SOBRE LA MALA SUERTE

MANUEL CASTILLO

Hay quienes lo fían todo al factor suerte. Y los hay que no creen en ella y piensan que la suerte hay que buscarla o merecerla. Yo creo que la mala suerte está en una nube similar a la de Internet, que ahí está, y que, en un momento determinado, llueve y la desgracia se desparrama sobre los que están debajo. A veces sobre quienes no han hecho nada por merecerla. Mi opinión es que el Málaga no dispone del paraguas bajo el que guarnecerse, y así le está yendo. Ya escribí la semana pasada sobre esa 'mala suerte' de encajar los goles y perder en el minuto uno o el noventa de cada partido. El sábado, ante el Valencia, quedó confirmado que el Málaga no tiene ni siquiera un impermeable con el que cubrirse. Mucho tiempo fue mejor que su adversario y cuando pudo y merecía ponerse con un 2-0 en el marcador, otro mayúsculo error arbitral anulaba ese segundo gol que fue legal a todas luces. Y, truenos y relámpagos, poco después un penalti y el gol de la victoria para el equipo visitante. A cinco minutos del final, para mantener la pauta.

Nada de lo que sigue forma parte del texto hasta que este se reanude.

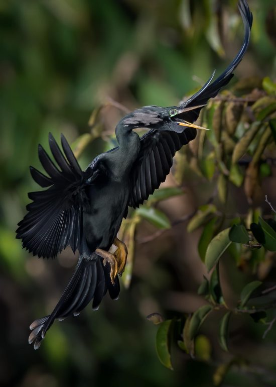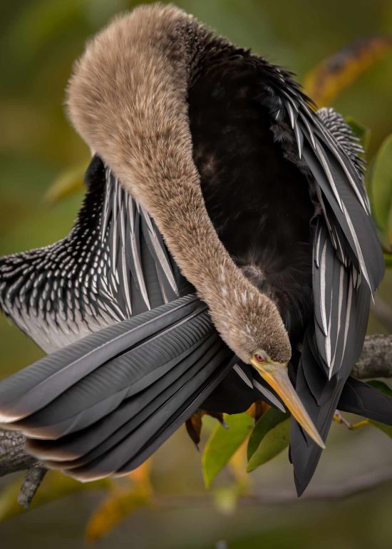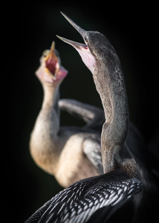 If you’ve ever visited the swamps, wetlands, or mangroves in and around the Florida Everglades, there’s a chance you’ve seen one of these stealthy, snake-like waterbirds gliding through shallow marshes. Known as the “snakebird”, the “water turkey”, the “darter”, and the “American darter”, the Anhinga (Anhinga anhinga) has rightfully earned each one of these titles. The ability to swim under water and rapidly spear fish with their sharp pointed bills are just a few of the unique characteristics that make Anhingas some of the most entertaining birds to photograph. I also find them to be quite interactive and chatty, never missing an opportunity to croak-up a conversation with me. It’s funny really; their interactions remind me of my cats—perhaps another reason I’m so fond of them.

Con todo esto no pretendo justificar la actual situación del Málaga, que ya he criticado aquí exhaustivamente y hasta con dureza. El mal viene de arriba y desde el principio de temporada cuando, en vísperas de iniciarse la Liga, el equipo malaguista fue defenestrado traspasado el armazón del equipo, cuya plantilla fue rellenada con futbolistas en saldo. Ahora parece que se ha reforzado más razonablemente y con un nuevo entrenador al que hacer responsable. El juego del equipo mejora día a día. Y eso debe empujarnos a mantener un halo de esperanza. Difícil, casi imposible la salvación, pero no cabe rendirse. Confiemos en que cualquier día de estos los negros nubarrones dejen paso a un horizonte luminoso y con grandes dosis de fortuna. Según dicen. La ilusión es lo último que se pierde.